А на днях возвернулась с рынка, в его книжную комнату зашла, чтоб отвару попить дать... Глядь, а колясочка пустая, а он на ковре ничком вниз лежит. Я к телефону, схватила трубку, чтоб сразу по номеру врачей вызвать, как сыны велели. Номер они мне такой специальный дали, не как у всех. Я его набрала. "Рятуйте, помогите", - в трубку кричу. А он голову поднял от ковра и говорит мне: "Отмените вызов, Галина Никифоровна, со мной все
в порядке, это я физическими упражнениями занимаюсь, от пола отжимаюсь". Подскочила я к нему, подняла враз с пола, на колясочку посадила. Как же ему самому с пола подняться, когда ноги больные. "Какие ж это упражнения, - говорю ему, - когда человек без движения на полу лежит?". А он отвечает: "Так я уже сделал упражнения и отдыхал просто. Зря Вы беспокоитесь".
В други день он опять сам со своей колясочки сполз на пол для своих упражнений. Я ему тогда и купила гантельки, не гантельки - эспандер называется. С ручками и резиночками - хочешь одну резиночку зацепи, чтоб легче было зарядку делать, хочешь - четыре, когда сила появится. Я ему эспандер купила, а он все равно норовит со своей колясочки вставать, прямо как дите неразумное, сердце ведь не молоденькое. А не молоденькое, так нельзя ж сразу тяжким заниматься, потрошечки надо. А он, как дите неразумное. Скоро пять годинок буде, как роблю у него, а такого никогда не бывало. И сама не знаю, что в душечке моей теперь творится. Поговори с ним, скажи, чтоб тихохонько своими упражнениями занимался, когда так любы они ему. Скажи, чтоб потрошечки...
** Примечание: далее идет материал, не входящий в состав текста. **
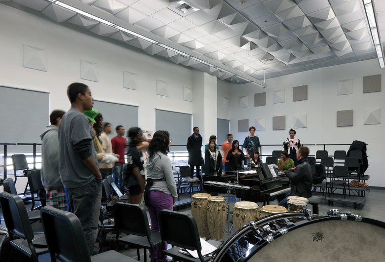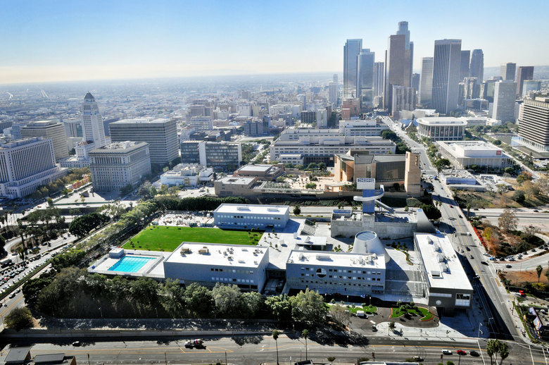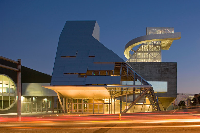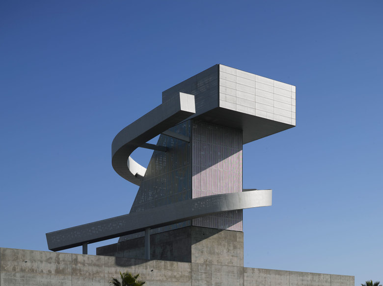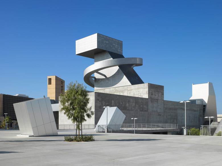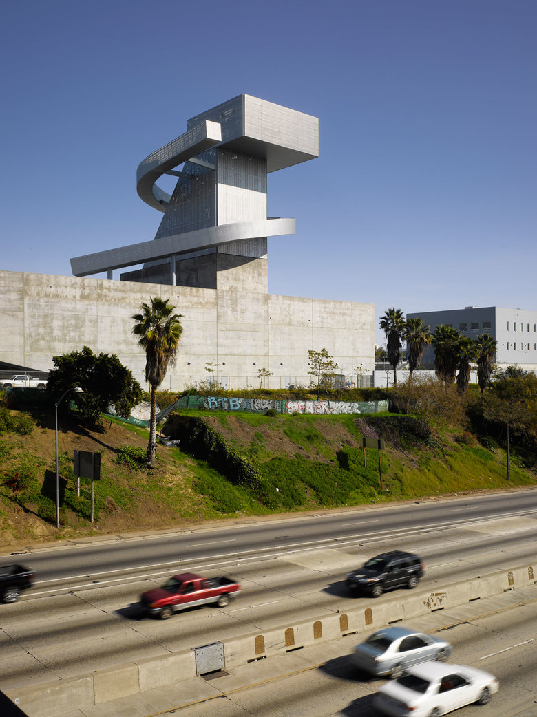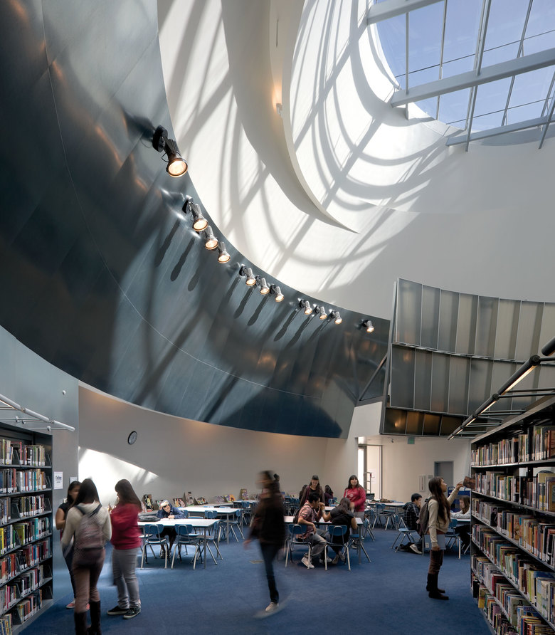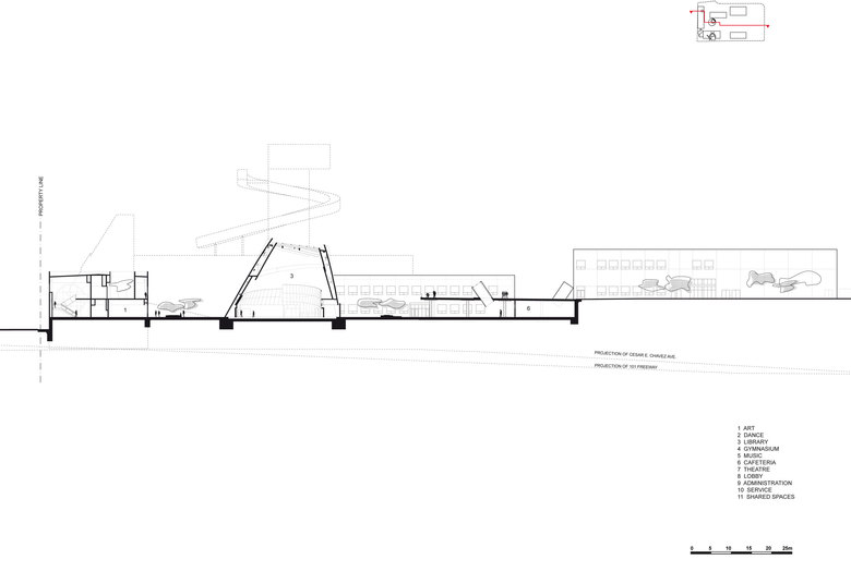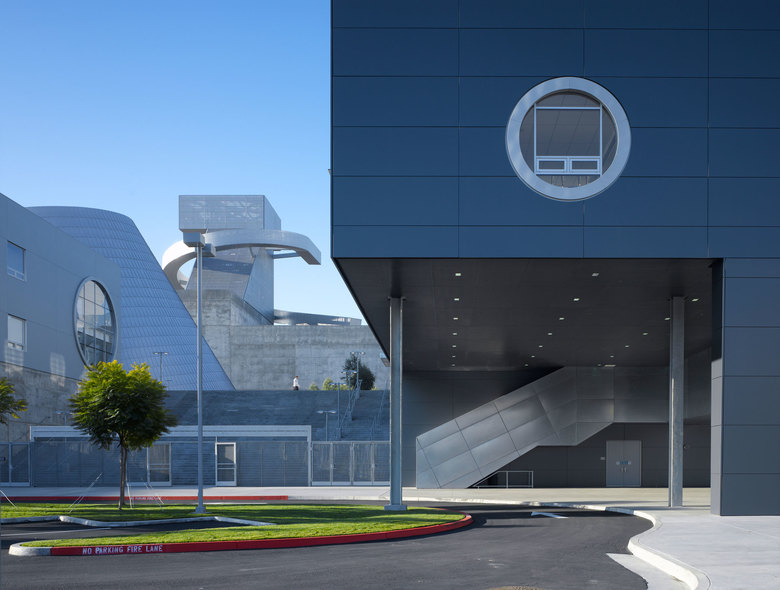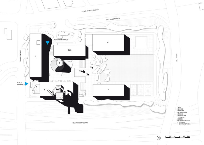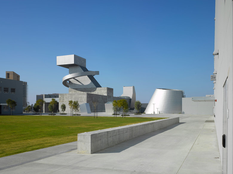 Like chess figures three sculptural buildings dominate the campus of the High School #9: a tower as sign for the arts, a public lobby, and the library in the center. All three buildings can be seen from the main school entrance via a 24 m wide grand stair. The central location of the site downtown, separated from the Grand Avenue corridor by the 101 freeway and thus visually exposed along the edge of one of the most widely used thoroughfares in downtown Los Angeles, served Coop Himmelb(l)au as the point of departure for the architectural concept for the school. To provide public spaces within a high school through the architecture and supported by the performing arts program is one of the main contributions of this project to education and the community, and unique in contemporary public school buildings in Los Angeles. The facilities for the four academies for Visual Arts, Performing Arts, Music and Dance are used by about 1,800 students and include classrooms, studios and administrative spaces. Shared spaces are grouped around the main school courtyard: the library, a public 950 seat performing arts theater, a cafeteria, administrations spaces, science rooms, and open air facilities.
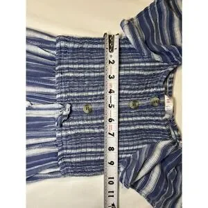 Dress up your little girl in this cute and colorful Japna Kids girls one-piece jumper romper. The romper features a button closure that ensures a secure fit, making it perfect for casual occasions. It comes in a fun navy blue and white color combination that will surely make your child stand out from the crowd. Small picks on left sleeve (as seen in picture) but not noticeable once on.This romper is easy to care for as it is machine washable, making it convenient for parents on-the-go. It is made in India and is not handmade. Get this adorable romper for your little girl today and watch her light up with joy!

Когда я вошел в просторный кабинет Николая Федоровича, там горел камин. Старый профессор философии сидел не как обычно, в своем кресле-коляске, а за большим письменным столом и писал или чертил что-то. Даже внешний вид его говорил о произошедших в нем изменениях. Не как обычно, в халате, он был одет, а в рубашке и галстуке. Поздоровался со мной темпераментнее обычного, быстро предложил присесть и сразу без вступлений:
"Как жизнь" и прочего заговорил. Горячо и темпераментно заговорил в этот раз Николай Федорович:
– Вы знаете, Владимир, какие прекраснейшие времена на земле грядут? Не умирать, а жигь на земле такой хочется. Я прочитал корреспонденцию с матерщиной в адрес Анастасии. Спасибо Вам, что мне ее прислали. Я понял многое, благодаря этому. Таежной отшельницей Анастасию называли, колдуньей, ведуньей, а она - величайший воин. Да, да, представьте себе, Анастасия величайший воин светлых сил. Значимость и величину ее еще предстоит осознать потомкам. Сознание человеческое, разум и чувства в дошедших до нас сказаниях, былинах и легендах не сумело даже представить себе величие этого воина. Вы только не удивляйтесь, пожалуйста, Владимир, не настораживайтесь, по своему обыкновению, относительно Анастасии. Она и человек, и женщина со всем, абсолютно всем естеством человеческим, со всеми женскими слабостями и достоинствами, материнским предназначением, но она одновременно и воин великий. Сейчас! Я попытаюсь не так сумбурно изъясниться. Все дело в философской концепции заключено. Вы видите, Владимир, в шкафу моего кабинета много книг. Это философские труды мыслителей разных времен, разных частей света.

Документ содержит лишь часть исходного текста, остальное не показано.